# Task
Because the entries hold pictures, reproduce only their words, exactly as written.

********

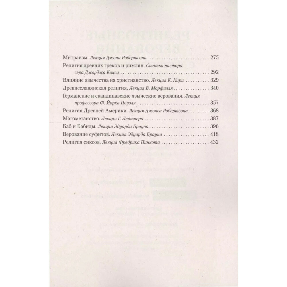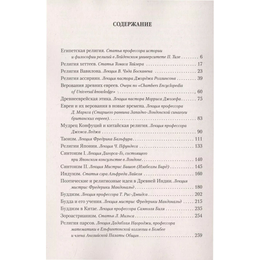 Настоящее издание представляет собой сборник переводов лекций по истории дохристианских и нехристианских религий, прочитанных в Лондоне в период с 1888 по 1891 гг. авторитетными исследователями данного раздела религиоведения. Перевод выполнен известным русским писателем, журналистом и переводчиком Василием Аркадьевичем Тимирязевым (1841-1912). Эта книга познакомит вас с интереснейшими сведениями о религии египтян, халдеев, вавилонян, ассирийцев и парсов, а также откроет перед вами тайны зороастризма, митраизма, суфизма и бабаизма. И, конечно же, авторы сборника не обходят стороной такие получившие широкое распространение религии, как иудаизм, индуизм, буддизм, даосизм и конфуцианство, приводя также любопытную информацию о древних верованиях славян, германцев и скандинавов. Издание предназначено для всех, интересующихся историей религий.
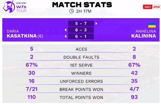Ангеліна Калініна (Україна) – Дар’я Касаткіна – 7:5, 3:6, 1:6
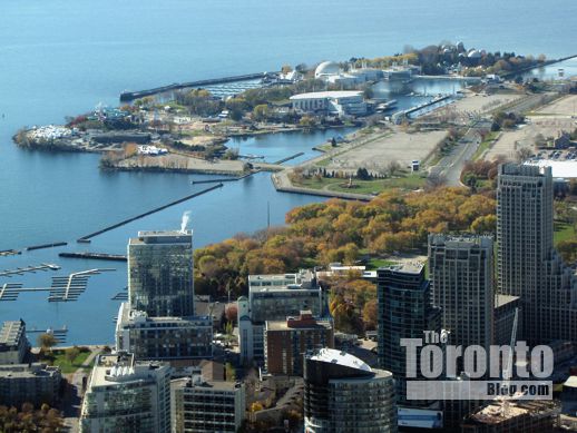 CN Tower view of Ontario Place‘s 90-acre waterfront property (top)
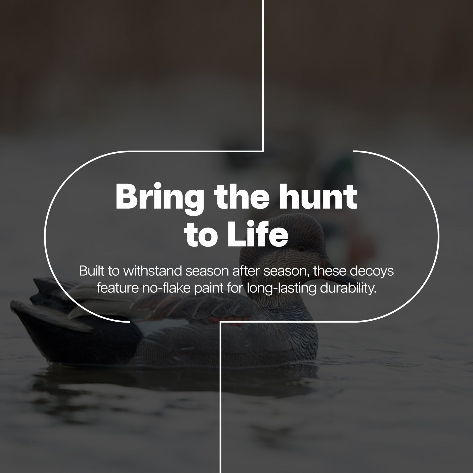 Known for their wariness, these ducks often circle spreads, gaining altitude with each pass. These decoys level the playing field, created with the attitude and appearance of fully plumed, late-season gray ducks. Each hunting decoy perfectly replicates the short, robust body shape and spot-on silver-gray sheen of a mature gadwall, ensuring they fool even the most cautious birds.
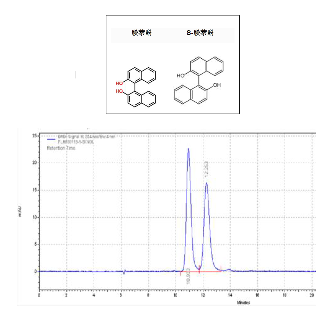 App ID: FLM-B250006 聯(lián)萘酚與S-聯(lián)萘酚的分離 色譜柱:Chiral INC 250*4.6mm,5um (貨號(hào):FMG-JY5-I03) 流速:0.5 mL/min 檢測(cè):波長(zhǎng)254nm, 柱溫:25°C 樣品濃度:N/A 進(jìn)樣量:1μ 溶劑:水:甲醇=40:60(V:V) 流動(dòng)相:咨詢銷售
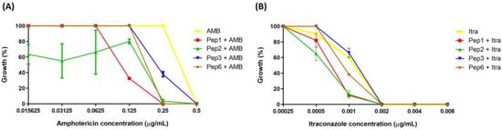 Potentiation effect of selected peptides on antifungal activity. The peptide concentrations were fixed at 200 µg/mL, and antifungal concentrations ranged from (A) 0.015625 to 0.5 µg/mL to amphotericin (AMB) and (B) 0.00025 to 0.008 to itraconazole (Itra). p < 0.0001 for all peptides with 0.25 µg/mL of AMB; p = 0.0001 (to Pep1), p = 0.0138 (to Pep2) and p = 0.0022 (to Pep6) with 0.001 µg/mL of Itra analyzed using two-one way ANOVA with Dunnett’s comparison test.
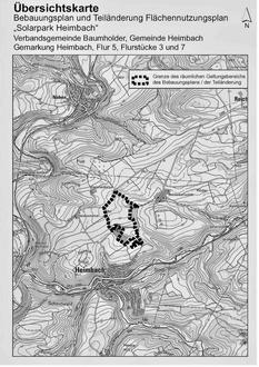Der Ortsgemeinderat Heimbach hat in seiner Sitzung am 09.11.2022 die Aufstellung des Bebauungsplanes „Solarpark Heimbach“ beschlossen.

********

# Solution for this exercise
 Настоящее издание представляет собой сборник переводов лекций по истории дохристианских и нехристианских религий, прочитанных в Лондоне в период с 1888 по 1891 гг. авторитетными исследователями данного раздела религиоведения. Перевод выполнен известным русским писателем, журналистом и переводчиком Василием Аркадьевичем Тимирязевым (1841-1912). Эта книга познакомит вас с интереснейшими сведениями о религии египтян, халдеев, вавилонян, ассирийцев и парсов, а также откроет перед вами тайны зороастризма, митраизма, суфизма и бабаизма. И, конечно же, авторы сборника не обходят стороной такие получившие широкое распространение религии, как иудаизм, индуизм, буддизм, даосизм и конфуцианство, приводя также любопытную информацию о древних верованиях славян, германцев и скандинавов. Издание предназначено для всех, интересующихся историей религий.
Ангеліна Калініна (Україна) – Дар’я Касаткіна – 7:5, 3:6, 1:6
 CN Tower view of Ontario Place‘s 90-acre waterfront property (top)
 Known for their wariness, these ducks often circle spreads, gaining altitude with each pass. These decoys level the playing field, created with the attitude and appearance of fully plumed, late-season gray ducks. Each hunting decoy perfectly replicates the short, robust body shape and spot-on silver-gray sheen of a mature gadwall, ensuring they fool even the most cautious birds.
 App ID: FLM-B250006 聯(lián)萘酚與S-聯(lián)萘酚的分離 色譜柱:Chiral INC 250*4.6mm,5um (貨號(hào):FMG-JY5-I03) 流速:0.5 mL/min 檢測(cè):波長(zhǎng)254nm, 柱溫:25°C 樣品濃度:N/A 進(jìn)樣量:1μ 溶劑:水:甲醇=40:60(V:V) 流動(dòng)相:咨詢銷售
 Potentiation effect of selected peptides on antifungal activity. The peptide concentrations were fixed at 200 µg/mL, and antifungal concentrations ranged from (A) 0.015625 to 0.5 µg/mL to amphotericin (AMB) and (B) 0.00025 to 0.008 to itraconazole (Itra). p < 0.0001 for all peptides with 0.25 µg/mL of AMB; p = 0.0001 (to Pep1), p = 0.0138 (to Pep2) and p = 0.0022 (to Pep6) with 0.001 µg/mL of Itra analyzed using two-one way ANOVA with Dunnett’s comparison test.
Der Ortsgemeinderat Heimbach hat in seiner Sitzung am 09.11.2022 die Aufstellung des Bebauungsplanes „Solarpark Heimbach“ beschlossen.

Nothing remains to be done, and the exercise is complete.